---------- DATA FOR THIS EXERCISE

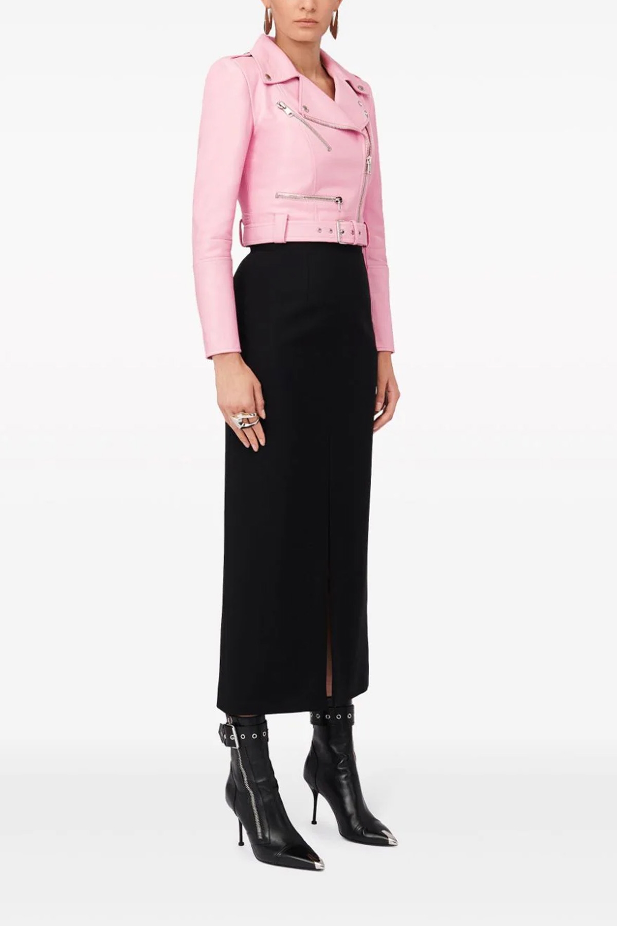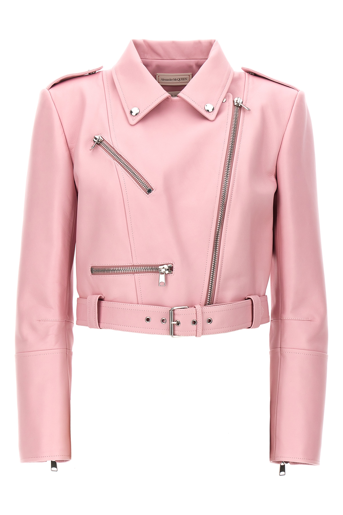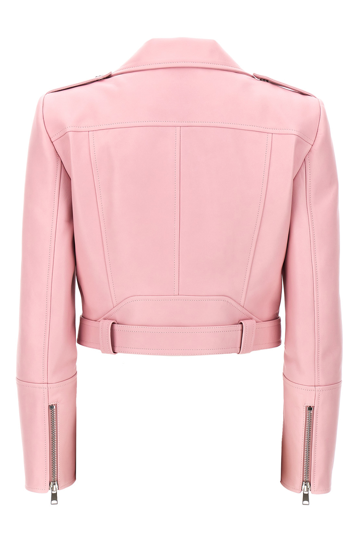 Crop leather biker jacket with peak lapels and off-center zip closure.
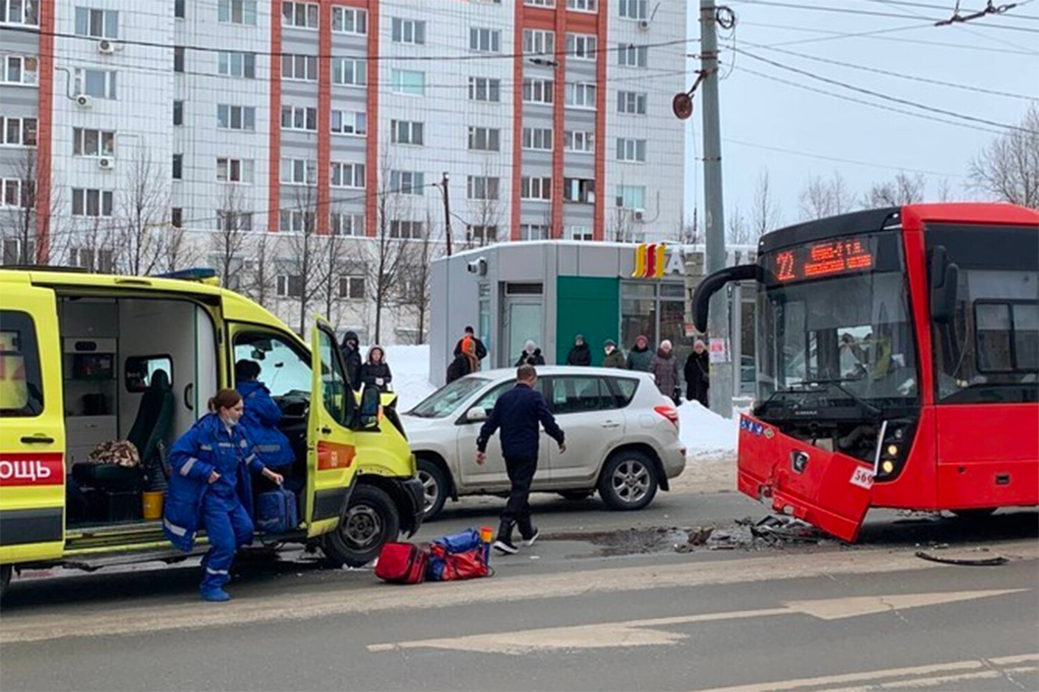 По предварительным данным, «скорая» с включенной сиреной и мигалкой выехала на встречную полосу и лоб в лоб врезалась в городской автобус. От удара у обоих транспортных средств сильно повреждены передние части. В городском автобусе никто не пострадал, уточнили изданию в ассоциации автотранспортных перевозчиков Татарстана.
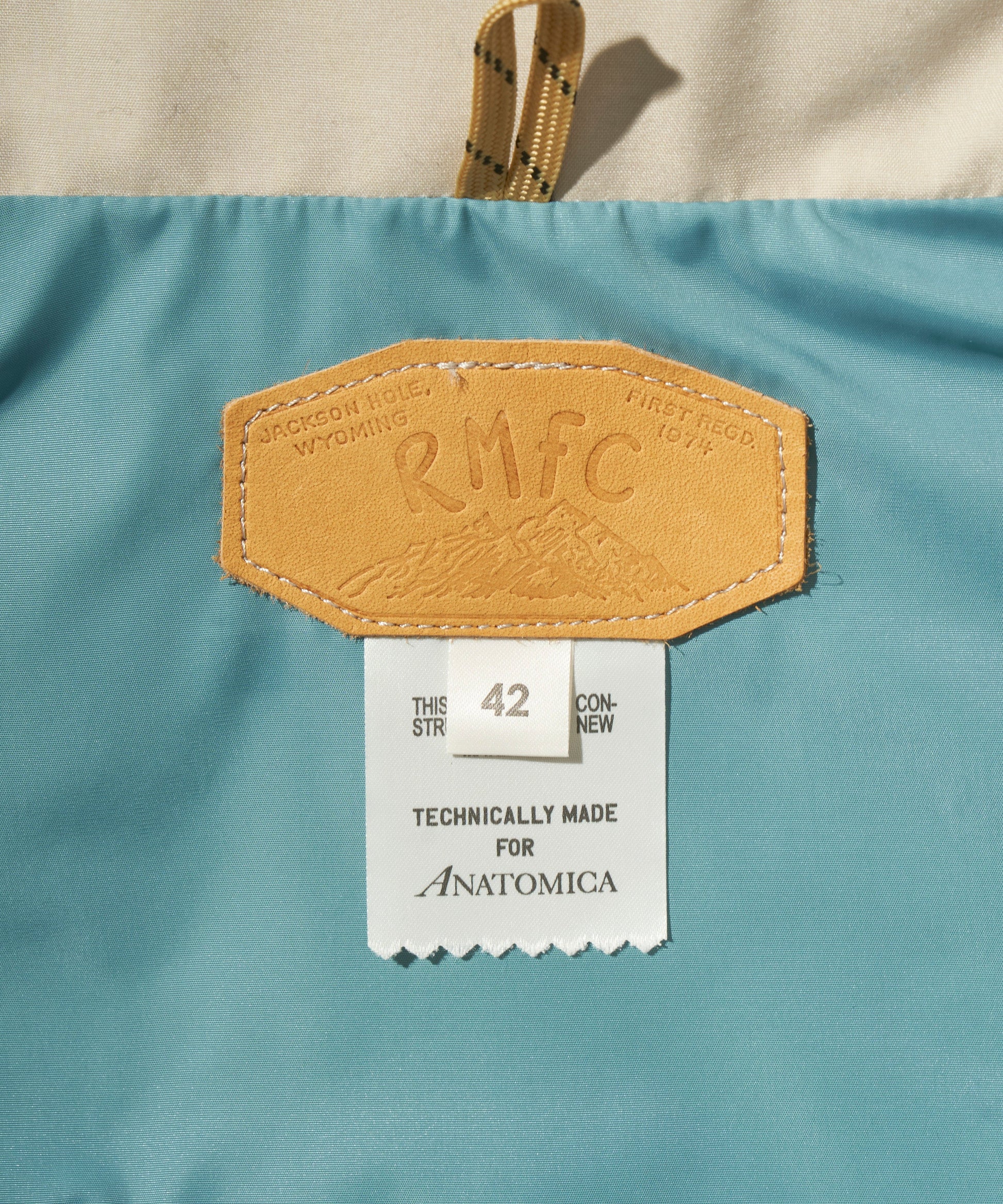 1974年当時最高のハイテク素材であった防水素材をいち早く採用、一枚革ヨーク仕様のマウンテンパーカを完成させた” Rocky Mountain Fetherbed “よりANATOMICA別注モデルが登場。
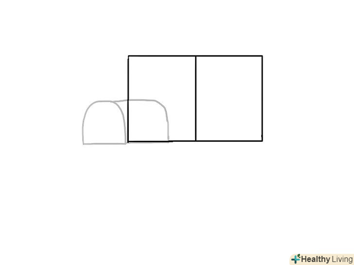 Намалюйте овал над прямокутником і додайте криву лінію з одного кута прямокутника до овалу. Намалюйте другу лінію від овалу до другого прямокутника.
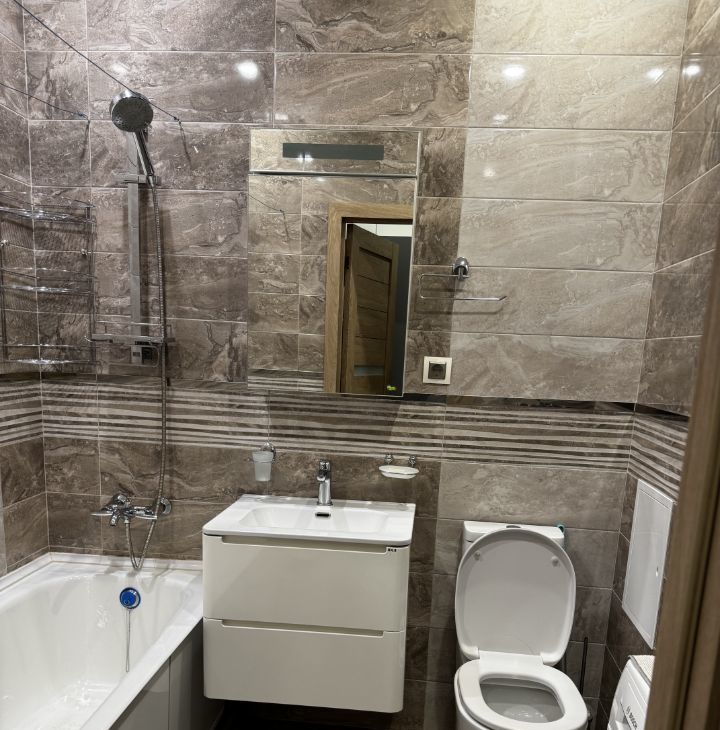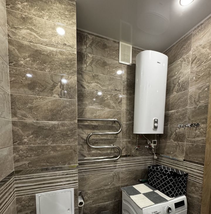 Санузел совмещенный, оформлен качественной плиткой, оснащен современной сантехникой, водонагревателем и стиральной машиной. Балкон застекленный.
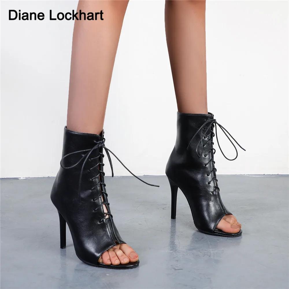 Fashion Women Fashion Summer Boots Open Toe high heels Sandals Gladiator Lace-Up Casual 10CM Stiletto heel Party Ankle boots 32-43 Black
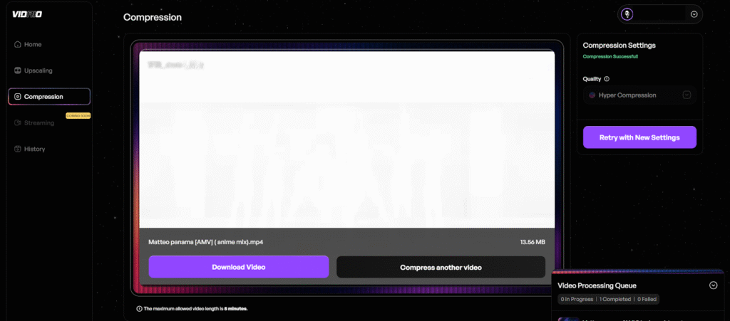 5. Vidaio does the backend runs and delivers a top-notch downloadable video file!
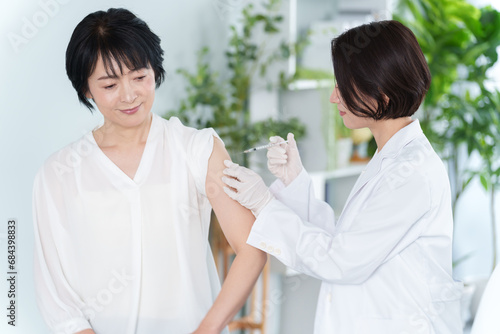 © taka, Obraz premium ワクチンの注射を受ける女性
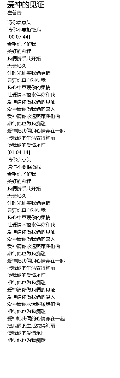 [01:40.39] ài shén qǐng nǐ zuò wǒ liǎ de jiàn zhèng
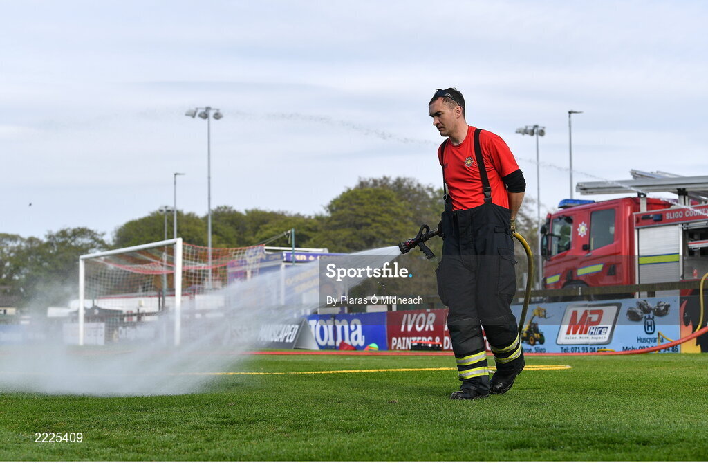 29 April 2022; Colm McGowan, member of the Sligo County Fire Brigade, waters the pitch before the SSE Airtricity League Premier Division match between Sligo Rovers and Shamrock Rovers at The Showgrounds in Sligo. Photo by Piaras Ó Mídheach/Sportsfile
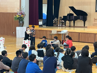 そして、4人の子どもたちが代表で、これまでがんばったことやこれからがんばりたいことを発表してくれました。大勢の前でさぞ緊張したことでしょう。ですが、とても素敵な内容で立派に発表を行い、大きな拍手がありました。発表内容は、「学校だより」に掲載されていますのでどうぞご覧ください。
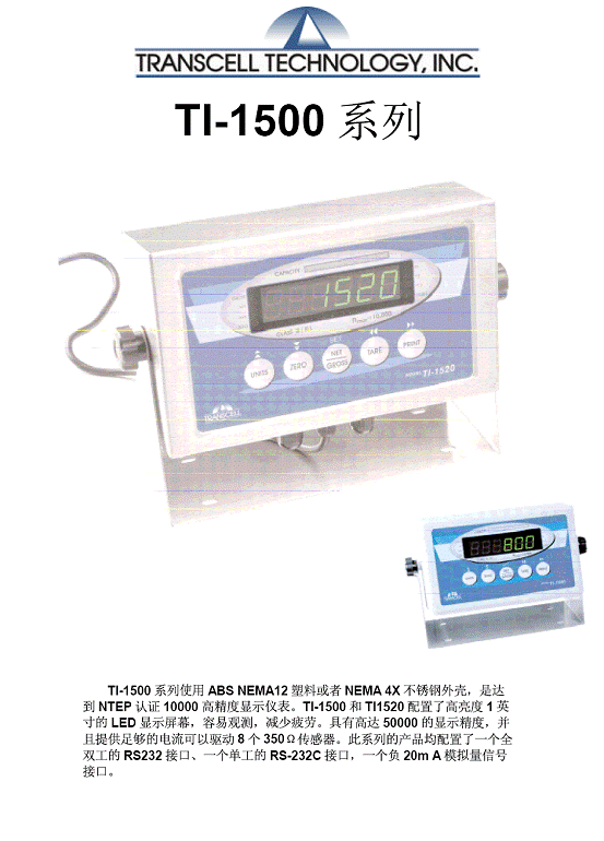 | 產(chǎn)品名稱:Transcell T1-1500 高精度顯示儀表(Indicator) |
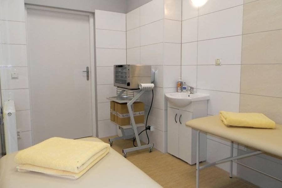 - pomieszczenie do fizykoterapii, gdzie prowadzona są: laseroterapia, elektrodiagnostyka, galwanizacja, galwanoborowina, jonoforeza, diadynamik, prądy Traberta, prąd Faradyczy / Neofaradyczny, stymulacja Rosyjska (prądy Kotza), TENS, prądy interferencyjne, mikroprądy (stymulacja podprogowa), stymulacja spastyczna metodą Hufschmidta, tonoliza, stymulacja spastyczna metodą Jantscha, prąd wysokonapięciowy HV (High Volt Therapy), fale średniej częstotliwości, fale H, prąd VMS, EPIR, terapia ultradźwiękowa (hands free sono therapy), lampa Sollux, lampa Bioptron MedAll, magnetronik, diatermia, inhalacje solankowe, okłady borowinowe miejscowe, drenaż limfatyczny (Terapia Lympha Stim), Sauna Infra Red
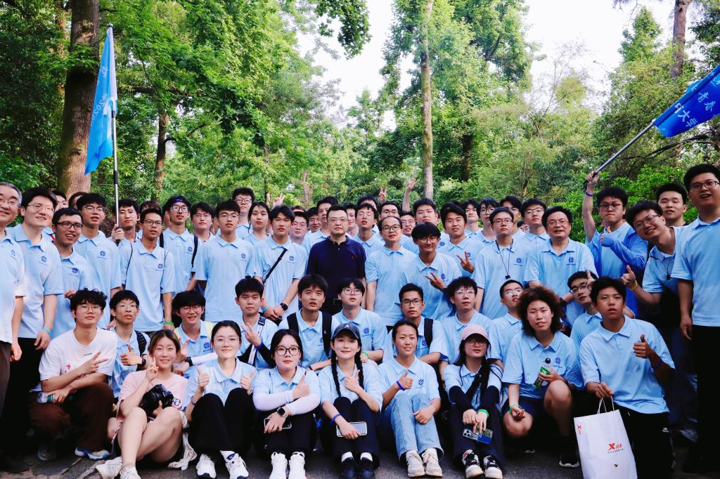共计150余名师生,与校长李建成一起,同登岳麓山、共话成长志。

--------------------

WHAT YOU WILL DO: Every line above should be duplicated exactly; the pictures are to be left out.

YOUR RESPONSE:
 Crop leather biker jacket with peak lapels and off-center zip closure.
 По предварительным данным, «скорая» с включенной сиреной и мигалкой выехала на встречную полосу и лоб в лоб врезалась в городской автобус. От удара у обоих транспортных средств сильно повреждены передние части. В городском автобусе никто не пострадал, уточнили изданию в ассоциации автотранспортных перевозчиков Татарстана.
 1974年当時最高のハイテク素材であった防水素材をいち早く採用、一枚革ヨーク仕様のマウンテンパーカを完成させた” Rocky Mountain Fetherbed “よりANATOMICA別注モデルが登場。
 Намалюйте овал над прямокутником і додайте криву лінію з одного кута прямокутника до овалу. Намалюйте другу лінію від овалу до другого прямокутника.
 Санузел совмещенный, оформлен качественной плиткой, оснащен современной сантехникой, водонагревателем и стиральной машиной. Балкон застекленный.
 Fashion Women Fashion Summer Boots Open Toe high heels Sandals Gladiator Lace-Up Casual 10CM Stiletto heel Party Ankle boots 32-43 Black
 5. Vidaio does the backend runs and delivers a top-notch downloadable video file!
 © taka, Obraz premium ワクチンの注射を受ける女性
 [01:40.39] ài shén qǐng nǐ zuò wǒ liǎ de jiàn zhèng
 29 April 2022; Colm McGowan, member of the Sligo County Fire Brigade, waters the pitch before the SSE Airtricity League Premier Division match between Sligo Rovers and Shamrock Rovers at The Showgrounds in Sligo. Photo by Piaras Ó Mídheach/Sportsfile
 そして、4人の子どもたちが代表で、これまでがんばったことやこれからがんばりたいことを発表してくれました。大勢の前でさぞ緊張したことでしょう。ですが、とても素敵な内容で立派に発表を行い、大きな拍手がありました。発表内容は、「学校だより」に掲載されていますのでどうぞご覧ください。
 | 產(chǎn)品名稱:Transcell T1-1500 高精度顯示儀表(Indicator) |
 - pomieszczenie do fizykoterapii, gdzie prowadzona są: laseroterapia, elektrodiagnostyka, galwanizacja, galwanoborowina, jonoforeza, diadynamik, prądy Traberta, prąd Faradyczy / Neofaradyczny, stymulacja Rosyjska (prądy Kotza), TENS, prądy interferencyjne, mikroprądy (stymulacja podprogowa), stymulacja spastyczna metodą Hufschmidta, tonoliza, stymulacja spastyczna metodą Jantscha, prąd wysokonapięciowy HV (High Volt Therapy), fale średniej częstotliwości, fale H, prąd VMS, EPIR, terapia ultradźwiękowa (hands free sono therapy), lampa Sollux, lampa Bioptron MedAll, magnetronik, diatermia, inhalacje solankowe, okłady borowinowe miejscowe, drenaż limfatyczny (Terapia Lympha Stim), Sauna Infra Red
共计150余名师生,与校长李建成一起,同登岳麓山、共话成长志。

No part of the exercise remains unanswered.